The Biggest Buyer and the Biggest Seller
Microsoft plays two roles in the AI boom. It is one of the largest buyers of Nvidia chips. And it is one of the best-placed companies to sell AI services to businesses.
At GTC 2026, Nvidia confirmed that Microsoft’s new Fairwater AI superfactories will run on Vera Rubin NVL72 rack systems. Microsoft has said about two-thirds of its total capital spending goes to GPUs and CPUs. With Nvidia holding 85–90% of the AI GPU market, most of that money goes straight to Nvidia’s products.
How Microsoft Earns from AI
Microsoft is not just buying chips — it is selling AI. Through Azure cloud, Copilot tools, and enterprise software. Every business that runs an AI agent runs it on Azure. Every token that agent produces earns Microsoft cloud revenue. As agents handle more tasks, Azure usage grows.
The Safety Net
Microsoft also has Office, Windows, and Xbox. These protect investors if AI spending slows. No pure-play chip stock can offer that buffer. For investors who want AI upside with less downside risk, Microsoft is the most balanced choice on this list.
The Memory Bottleneck
The Vera Rubin GPU needs a new type of memory called HBM4. It is the most advanced memory ever put in a commercial chip. It delivers 22 terabytes per second of bandwidth per GPU. The Rubin rack carries 2.5 times more memory than its Blackwell predecessor.
Right now, only one company can supply HBM4 in volume: SK Hynix.
Why This Position Is Strong
SK Hynix has supplied HBM memory to Nvidia since the H100. It moved fastest to develop HBM4. As each new Nvidia chip needs more and faster memory, SK Hynix’s leverage grows. Huang’s $1 trillion chip demand forecast is also, in practice, a huge demand forecast for HBM4.
U.S. Listed Option
SK Hynix trades on the Korean Stock Exchange and via OTC markets.

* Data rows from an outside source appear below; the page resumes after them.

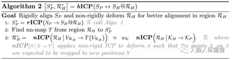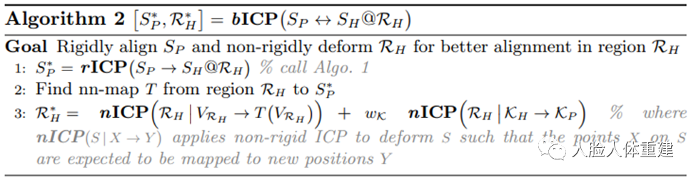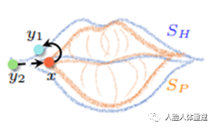 如图所示,对于predicted mesh上的某一点x,在计算误差时需要找到ground-truth scan上的对应点,若通过点到平面的最近距离建立对应关系,则可能为y1。这时,虽然y1是x距离最近的点,然而他们在语义信息上没有关联性,与嘴角的点x相关联的应该是y2,然而y2不会是x所对应的最近点。在这样的情况下,虽然计算得到的误差较小,但由于对应点之间的语义信息并不一致,因此计算得到的误差并不靠谱,较小的误差并不能表明较大的相似度。对此我们提出使用一步额外反方向非刚性对齐,并且其中增加了包含有语义信息的关键点损失,从而得到语义上更加一致的对应关系。
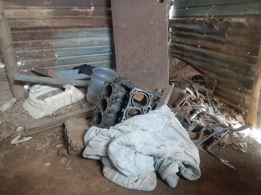 En el sitio se colectó varias piezas de diferentes vehículos, entre ellas motores, cajas, rines, capot, algunas partes de motos, pinzas y herramientas para cortar cables y metales.
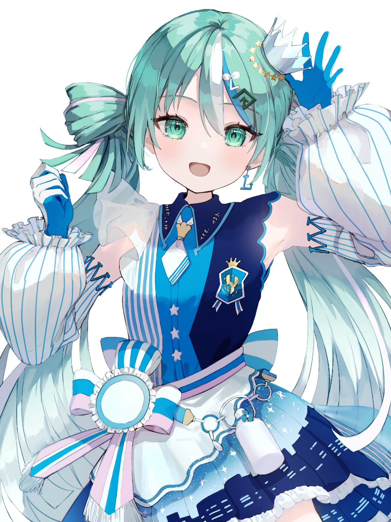 1girl arm_up armpits blue_shirt blush breasts collared_shirt commentary_request crown detached_sleeves frilled_shirt frills gloves green_eyes green_hair hair_between_eyes hair_ornament hand_up hatsune_miku highres lawson long_hair long_sleeves looking_at_viewer medium_breasts mini_crown n_karakure open_mouth shirt simple_background sleeveless sleeveless_shirt solo star_(symbol) star_hair_ornament tilted_headwear twintails very_long_hair vocaloid white_background white_gloves
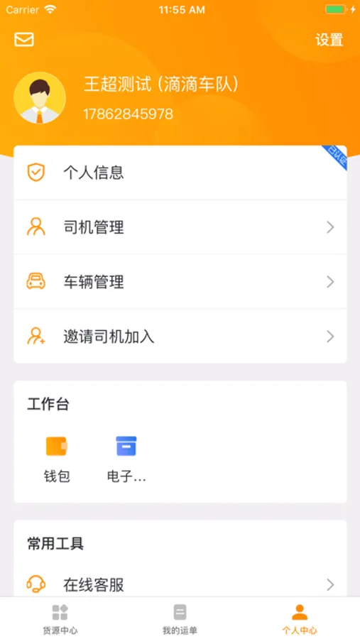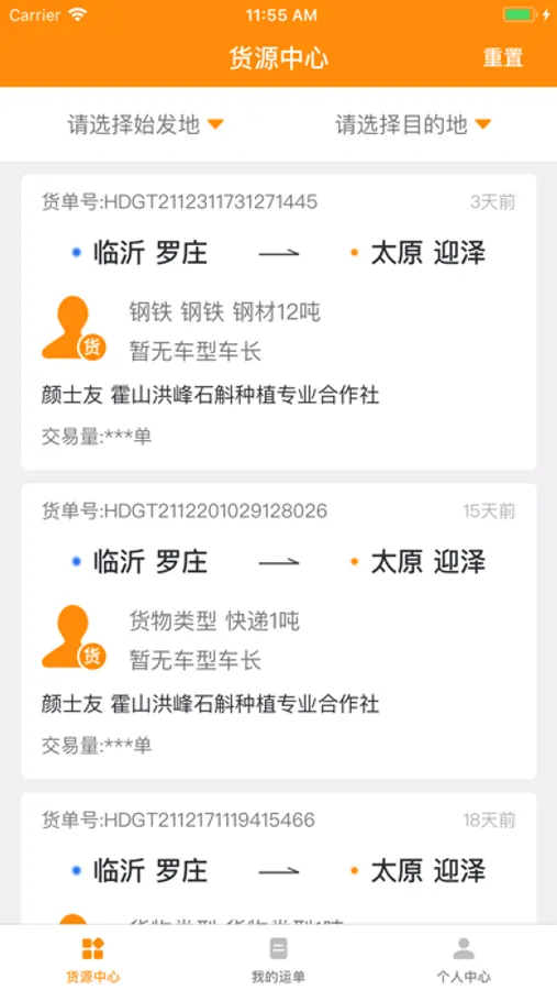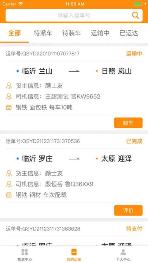 司机APP面向司机/车队使用,设计有货运中心、我的运单和个人中心等功能模块。实际承运人通过司机端APP可完成用户注册认证、接单、咨询投诉、服务评价、电子运单、电子合同等功能操作,用户通过司机端APP可完成全部货主业务操作。
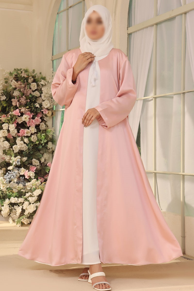 A beautiful contrast of pink and white, with inner and coat style abaya is a must for this festive season purely elegant design, comes along with pure Korean chiffon Sheila.
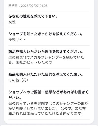 今日は先日ネットショップにてアンケートに『母の通っている美容院ではこのシャンプーの取り扱いを終了してしまいました。 なので、まだ在庫があれば出品していただけたら助かります。』と書かれていたお母様、ご本人様より当店にお電話がありました。 聞く…
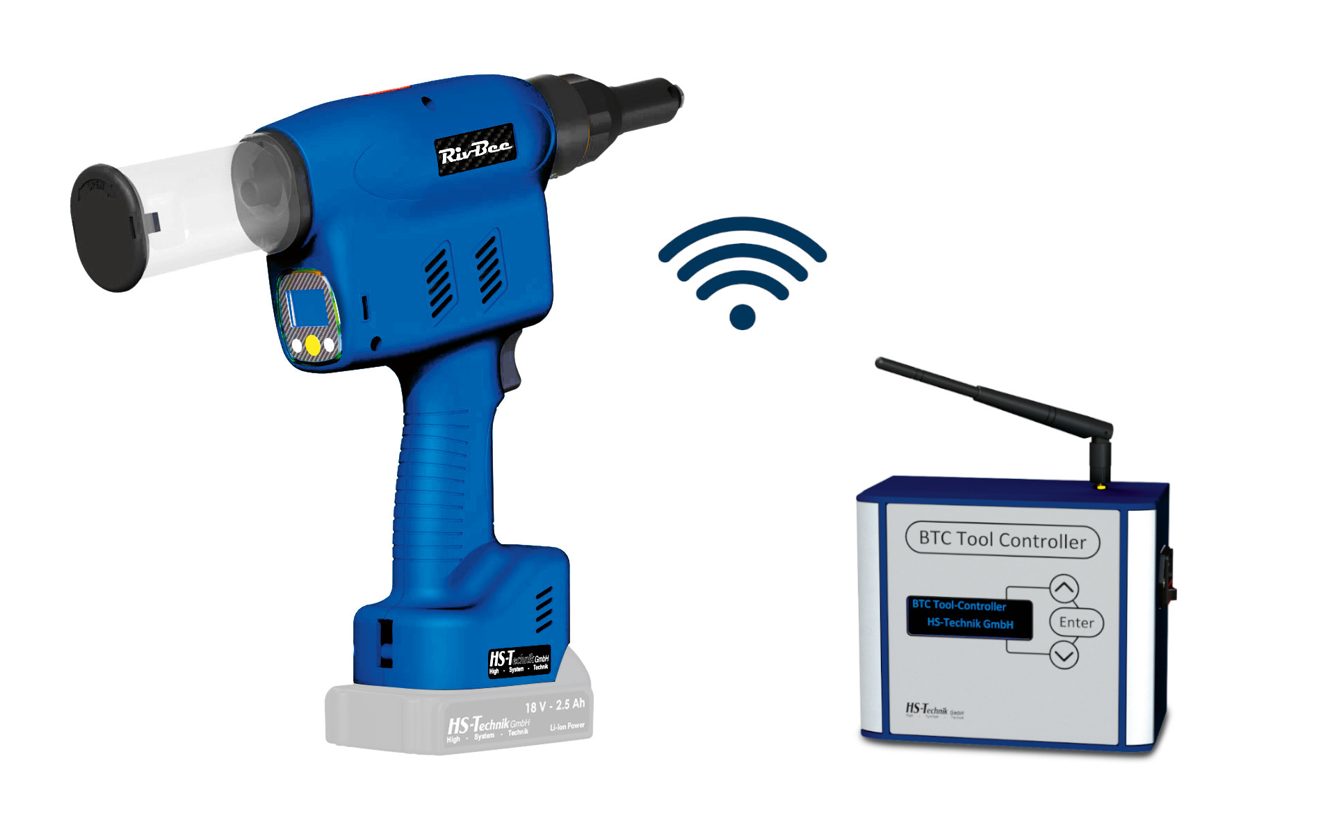 Per raggiungere il massimo controllo della produzione, è possibile collegare la centralina. La BTC permette di gestire Wi-Fi fino a 20 utensili a batteria contemporaneamente: rivettatrici, tirainserti e avvitatori.
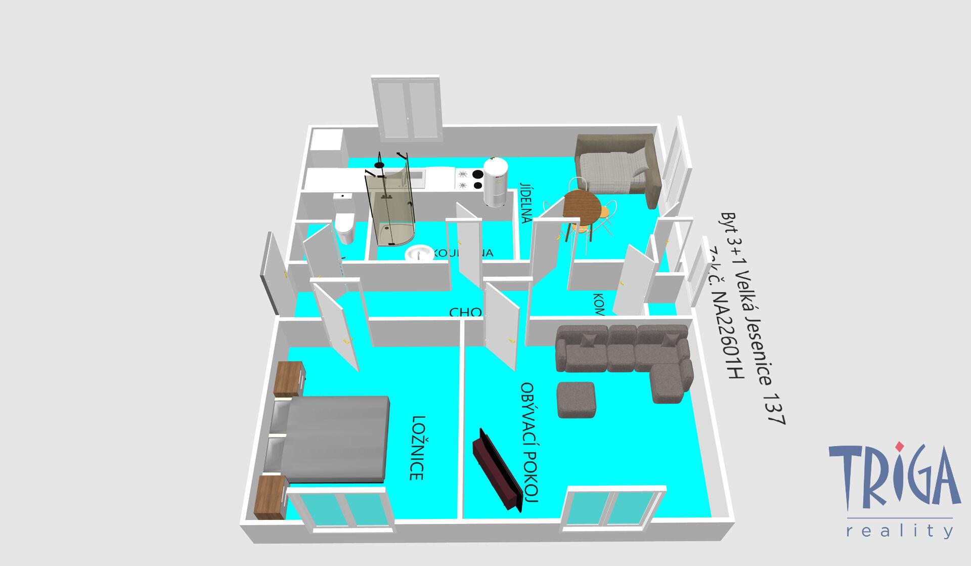 Nabízíme ke koupi světlý prostorný byt 3+kk s komorou v klidné obci Velká Jesenice, jen pár minut od České Skalice.

For a more liquid alternative, Micron Technology (MU) is the U.S.-listed option. Micron is qualifying its own HBM memory for Nvidia. Either stock gives you exposure to the memory shortage that Huang named as a key supply constraint.
Named at GTC — First in Line for Rubin
Nvidia named CoreWeave directly at GTC 2026. CoreWeave will be among the first cloud providers to offer Rubin-based systems — starting in the second half of 2026. This is not by chance. Nvidia holds a significant equity stake in CoreWeave. The two companies are closely linked.
What CoreWeave Does
CoreWeave rents GPU computing power to AI labs, startups, and enterprises. This is the same business model the H100 price surge confirmed is working. H100 rental prices jumped nearly 40% in six months. Spot capacity sold out completely. CoreWeave’s locked-in GPU inventory has become one of the most valuable assets in tech.
The Risk to Know
CoreWeave recently completed its IPO. It is scaling fast and spending heavily. Execution risk is real — this is not a slow, steady business. But for investors who can handle that risk, the upside potential is significant. No other listed stock gives this direct an exposure to the AI compute rental market.
The Bigger Picture
GTC 2026 showed that Nvidia is building more than chips. Huang wants Nvidia to become the operating system for the age of AI agents. That means software tools, networking products, storage systems, and robotics platforms — on top of the GPUs.
If even part of that vision works, the $1 trillion demand forecast becomes a floor — not a ceiling. Autonomous vehicles, industrial robots, and AI data centres all need Nvidia. That is a decade of growth, not just a two-year cycle.
For investors, the question is not whether to have AI exposure. It is how to spread that exposure across the supply chain. TSMC, Marvell, Microsoft, SK Hynix, and CoreWeave each cover a different layer. Together, they let you participate in Huang’s $1 trillion buildout without relying on any single company to execute perfectly.
This article is for information only. It is not personal financial advice. All investments carry risk, including the risk of losing money. Past performance does not predict future results. Please do your own research and speak to a licensed financial adviser before making any investment decisions. investnotbet.com does not hold positions in any stocks mentioned at time of publication.